INFORMATION:
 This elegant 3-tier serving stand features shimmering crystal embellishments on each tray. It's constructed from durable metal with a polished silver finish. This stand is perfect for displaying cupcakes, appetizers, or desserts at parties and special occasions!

* * *

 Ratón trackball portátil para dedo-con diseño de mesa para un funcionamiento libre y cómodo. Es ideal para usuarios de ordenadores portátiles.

...

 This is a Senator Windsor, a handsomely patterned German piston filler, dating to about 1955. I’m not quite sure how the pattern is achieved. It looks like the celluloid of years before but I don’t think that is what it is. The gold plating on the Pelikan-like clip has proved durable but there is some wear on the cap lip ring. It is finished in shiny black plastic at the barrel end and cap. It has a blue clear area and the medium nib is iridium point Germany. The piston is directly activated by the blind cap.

TASK BRIEF: Return every line from the records above that holds the word "durable".

TASK RESPONSE:
 This elegant 3-tier serving stand features shimmering crystal embellishments on each tray. It's constructed from durable metal with a polished silver finish. This stand is perfect for displaying cupcakes, appetizers, or desserts at parties and special occasions!
 This is a Senator Windsor, a handsomely patterned German piston filler, dating to about 1955. I’m not quite sure how the pattern is achieved. It looks like the celluloid of years before but I don’t think that is what it is. The gold plating on the Pelikan-like clip has proved durable but there is some wear on the cap lip ring. It is finished in shiny black plastic at the barrel end and cap. It has a blue clear area and the medium nib is iridium point Germany. The piston is directly activated by the blind cap.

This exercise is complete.